Okay, thank you very much for your question, Carlos. At this point, we're maintaining our approved project, which considers the diesel plant. This is what we're developing right now. If there is a possibility later on in time of... including a dam to get the water that the project requires, we will consider that. But at this point, we're following our current detailed plan for the project. Regarding the costs, we're currently... As you know, we have been reporting a capital expense of about $1.4 billion for the project. but we are currently revising it because we want to add some facilities that were not considered in the first project, and we have, obviously, we need to accommodate some inflation costs in the project total cap. For new facilities, I mean a new road that will connect the project to the coast of Islay, not passing through the Tambo Valley. That will remove one of the concerns that the farmers of Islay or the valley have about the trucks and all the materials that will move on for the project construction that will disturb the valley's environment. So for avoiding that, we're considering building a new road that it's a 20-kilometer road, roughly speaking. And some other changes, since the project was approved in 2014, we have seen some technological advances that we want to include in the capital budget as well. So as we indicated in the press release, we are expecting to announce this by year end at the most. So that's the current status.
Thanks. Just one clarification. So you will build a road, not a railway, right?
No, both things. The railroad will be for moving up the sulfuric acid and materials that we need to operate and down basically the production on a daily basis. However, for the construction phase and to communicate directly to the coast, we will will be a road that will connect the plant and the facilities for the project with the coast of Moyendo.
All right, got it. Okay. And then my second question is related to the outlook for cost before byproducts. If I missed it, I'm sorry, but if you didn't mention, could you please let us know how you see the evolution of your cash costs before byproducts, the benefit of byproducts?
Well, it's hard to know because you always have price variances either way, but I believe that we will be at about $2 per pound before subtracting credits. Please keep in mind that those $2 now include the additional cost of our new concentrator for Zinc. So it's all the cost of the company, which includes the cost of the byproduct plants that are related to our production complex, divided by the pounds of copper that we're producing. So for this year, we expect it to be at about $2. And then it depends on the production level that we have. If we, for instance, in 2027, when we add Tia Maria to our current production profile, we certainly will reduce our cost before by product credits because the Tia Maria expected cash cost is in the range, the lower range of a dollar plus. Okay. Thank you very much. You're welcome, Carlos.

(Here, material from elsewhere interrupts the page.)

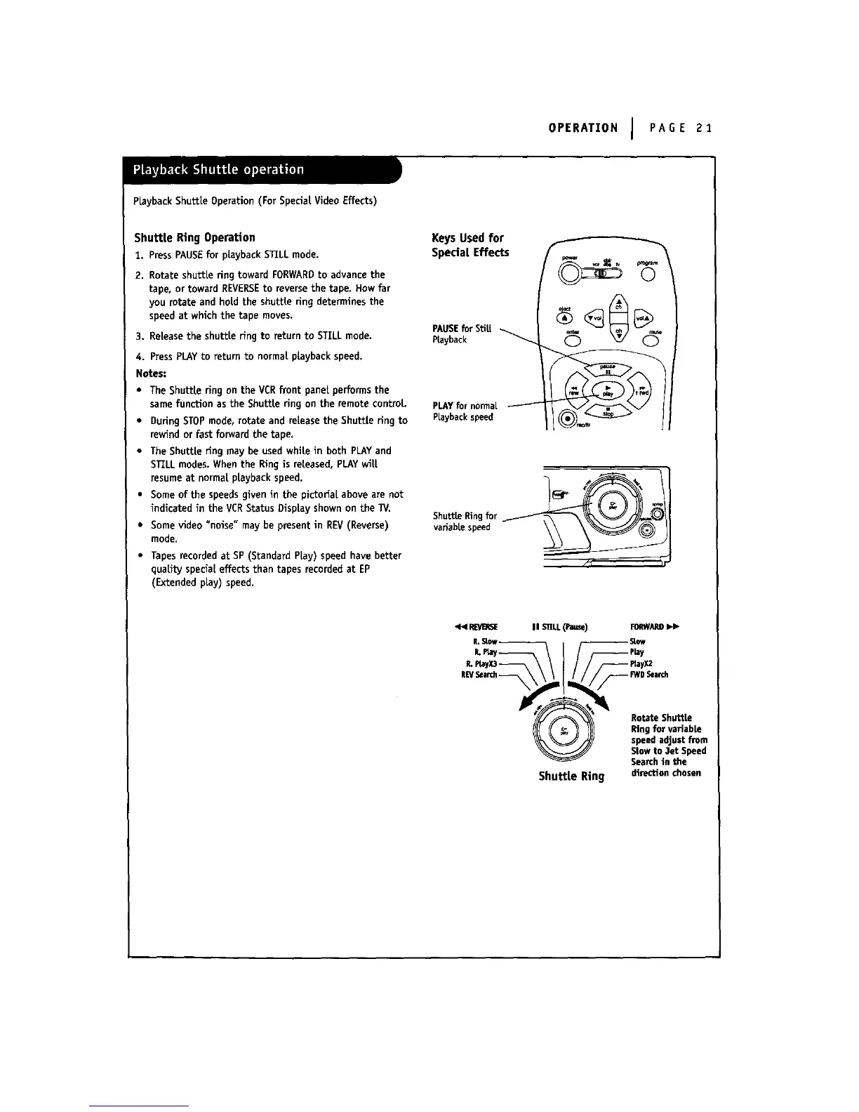 PLaybackShuttle Operation (For Special Video Effects)

Thank you. One moment for our next question, and it's called
coming from marcio farid with goldman sachs please proceed thank you morning everyone and thanks for the opportunity um a couple of follow-ups on my side here uh firstly how um i think up execution was a bit stronger than we're expecting for the quarter uh it's still relatively you know half of uh yearly guidance right but just trying to understand if investments for Tia Maria are expected to be really high for this year. I think you had pretty much close to zero for Tia Maria in the guidance for this year. Are you anticipating some more investments related to that as investments seem to be quite remarkable at this point? And how should we think about final year CapEx and for Tia Maria specifically as well? And similarly for production as well, I think pretty good numbers, but roughly in line with our estimates. You know, we had, I think, guidance for the year is around 950,000 tons. How are you thinking about, you know, final year guidance and your ability to reach the production guidance for the year, please? That will be my question. Thank you.

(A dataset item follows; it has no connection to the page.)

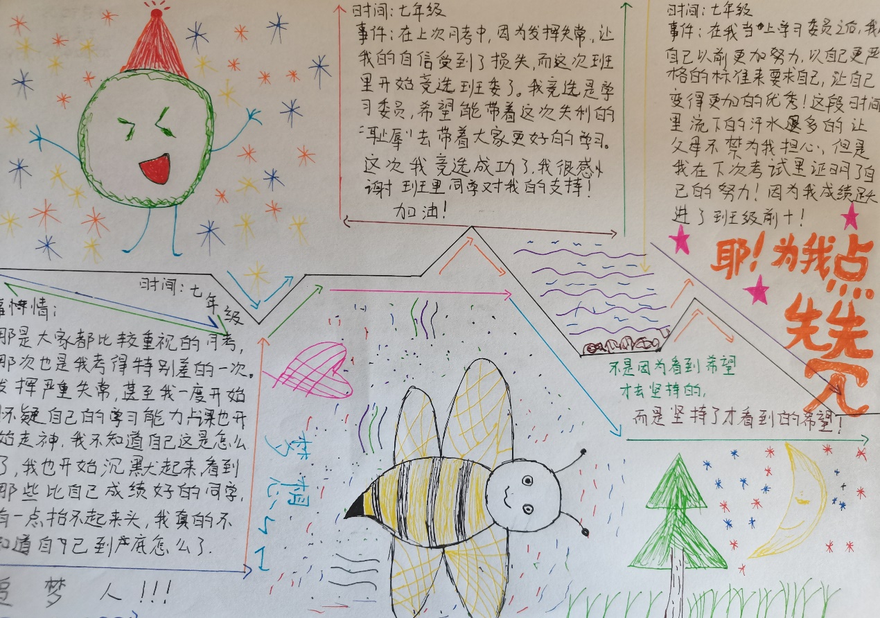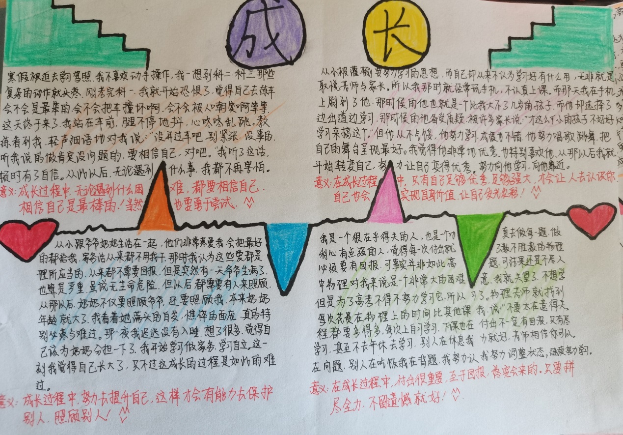 本次系列活动参赛作品以曲线为主,并附上文字说明,向上凸出代表是“激励”式的成长,向下“凹”代表是“挫折”式的成长,作品由我院心理健康服务中心干事分别在3月,4月,5月初在红色花蕊收集。

The second one is how sure do we feel about the production guidance, right? Yes, yes. Okay, let me start by this one. Okay, we feel very confident that we will either maintain or improve our production guidance in the second half of this year. We're seeing our zinc new concentrator. It's certainly operating at a very good pace. We were very satisfied on that. On the first half of the year, our SXEW production at Buena Vista, was affected by some water scarcity that has been fixed. We're already getting even more water than what we expect to have due to the higher rainy season that we're seeing at the Sonora State. So that is going to help our production of SXEW copper for the second half of this year. We have not included that as part of our current guidance, and I believe that that will be an upside factor for us. Coming to your first question on the CAPEX for Pia Maria. This year, we are spending, as I said, we're doing a life defense that we will continue be around the expected place for the new facilities for the project. And we will basically spend much less than a project of this magnitude would require. However, we believe that we will be accelerating the capital expenditures for the project through the second half of the year. And for 2025, we spend in Tia Maria about $316 million. That will be for earth moving activities and some other items that are related to the project. I mentioned the road that we want to build. That will be obviously a very important source of new labor requirement, which is one of our priorities to use people from the East Light Province and the Tambo Valley specifically. And then for the rest of the campus, we will advise before year-end on this.
Okay. Can I just quick follow up as well? It sounds like cost was a lot better on after byproducts base. Volumes are strong, obviously. We did not have the breakdown by each product until the full financial statements are out. But what do you think was the beat in terms of positive surprise for after byproducts cost and obviously byproducts production and revenues as well, please?
Well, as I commented when we covered the cash cost portion of the presentation, we have had the benefit of both better prices and higher volumes. The new zinc concentrator obviously was important for getting higher volumes. We have also had molybdenum production coming from our mines. Zinc, well, I mentioned already the impact of having a much higher zinc production coming from the new zinc concentrator. And silver comes in higher quantities, not only from our mines, but also as a byproduct of the zinc So, higher volumes and better prices, that's what the, in my view, explain the positive surprise that you were mentioning, Martin.
That's great, Paulo. Thank you very much.
You're welcome.
Thank you. One moment for our next question. And it's from the line of Alejandro Demichelis with Jefferies. Please proceed.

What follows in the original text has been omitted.